PROBLEM TO SOLVE: The output must consist only of the lines from the one with "本日8/18(土)12時~1" through the end of the listing, restated exactly and free of pictures.

DATA BELOW:
⁂

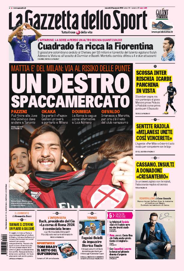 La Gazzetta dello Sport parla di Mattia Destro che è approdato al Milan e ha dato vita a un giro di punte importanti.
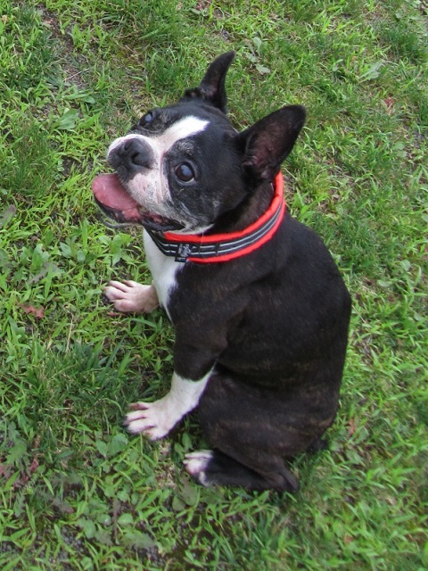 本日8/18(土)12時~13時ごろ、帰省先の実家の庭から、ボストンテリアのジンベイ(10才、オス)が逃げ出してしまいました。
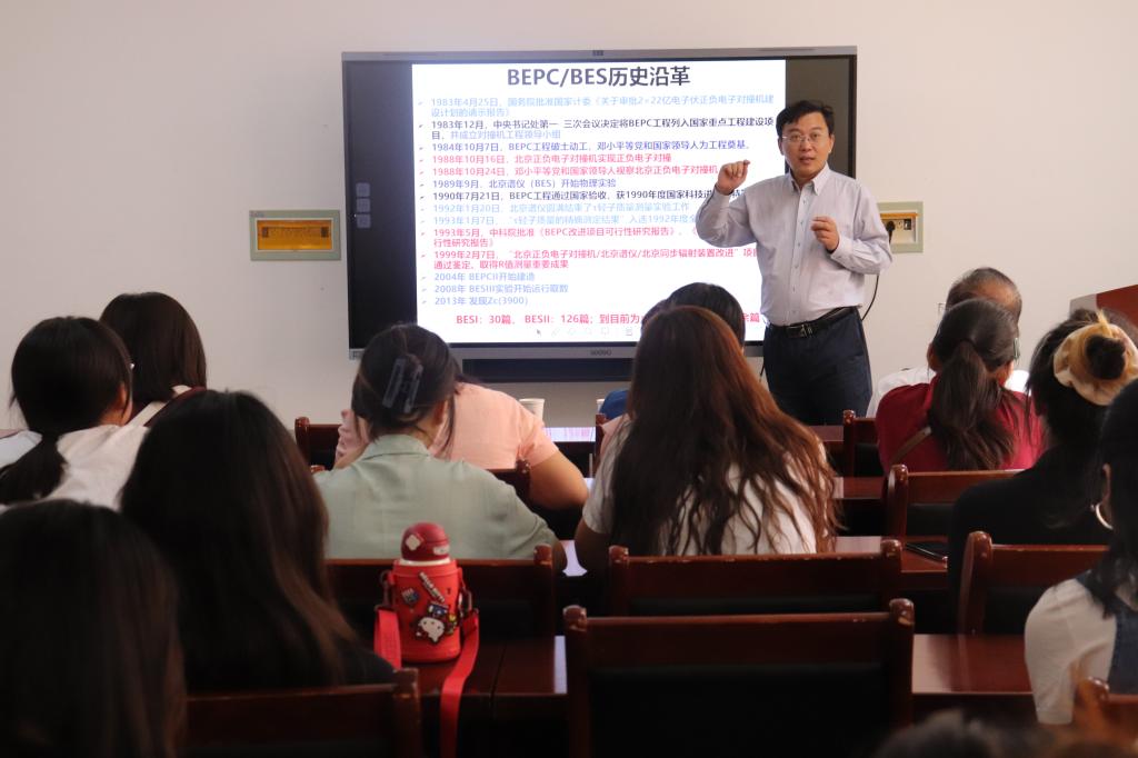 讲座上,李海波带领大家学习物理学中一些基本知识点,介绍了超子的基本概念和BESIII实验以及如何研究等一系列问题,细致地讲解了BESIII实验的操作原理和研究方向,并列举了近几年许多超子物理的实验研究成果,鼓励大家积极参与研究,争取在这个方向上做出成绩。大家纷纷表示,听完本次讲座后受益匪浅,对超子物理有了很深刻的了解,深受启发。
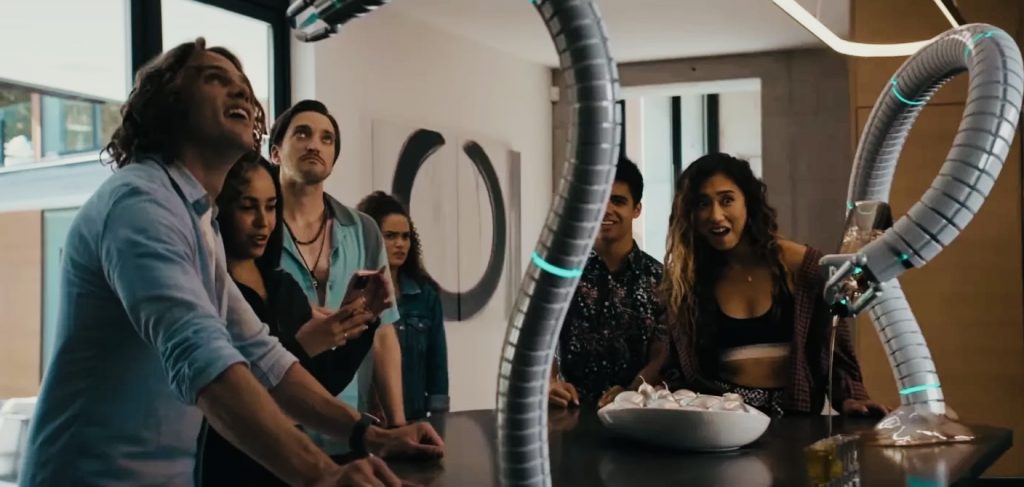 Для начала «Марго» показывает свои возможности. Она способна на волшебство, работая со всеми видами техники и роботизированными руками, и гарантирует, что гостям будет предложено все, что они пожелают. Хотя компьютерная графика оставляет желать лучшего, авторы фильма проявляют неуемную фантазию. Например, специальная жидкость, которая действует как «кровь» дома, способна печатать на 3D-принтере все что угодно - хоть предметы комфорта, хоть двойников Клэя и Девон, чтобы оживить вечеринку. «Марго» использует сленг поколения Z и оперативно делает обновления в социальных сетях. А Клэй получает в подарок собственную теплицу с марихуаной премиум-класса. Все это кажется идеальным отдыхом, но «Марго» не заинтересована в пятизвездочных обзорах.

⁂

TASK RESULT:
 本日8/18(土)12時~13時ごろ、帰省先の実家の庭から、ボストンテリアのジンベイ(10才、オス)が逃げ出してしまいました。
 讲座上,李海波带领大家学习物理学中一些基本知识点,介绍了超子的基本概念和BESIII实验以及如何研究等一系列问题,细致地讲解了BESIII实验的操作原理和研究方向,并列举了近几年许多超子物理的实验研究成果,鼓励大家积极参与研究,争取在这个方向上做出成绩。大家纷纷表示,听完本次讲座后受益匪浅,对超子物理有了很深刻的了解,深受启发。
 Для начала «Марго» показывает свои возможности. Она способна на волшебство, работая со всеми видами техники и роботизированными руками, и гарантирует, что гостям будет предложено все, что они пожелают. Хотя компьютерная графика оставляет желать лучшего, авторы фильма проявляют неуемную фантазию. Например, специальная жидкость, которая действует как «кровь» дома, способна печатать на 3D-принтере все что угодно - хоть предметы комфорта, хоть двойников Клэя и Девон, чтобы оживить вечеринку. «Марго» использует сленг поколения Z и оперативно делает обновления в социальных сетях. А Клэй получает в подарок собственную теплицу с марихуаной премиум-класса. Все это кажется идеальным отдыхом, но «Марго» не заинтересована в пятизвездочных обзорах.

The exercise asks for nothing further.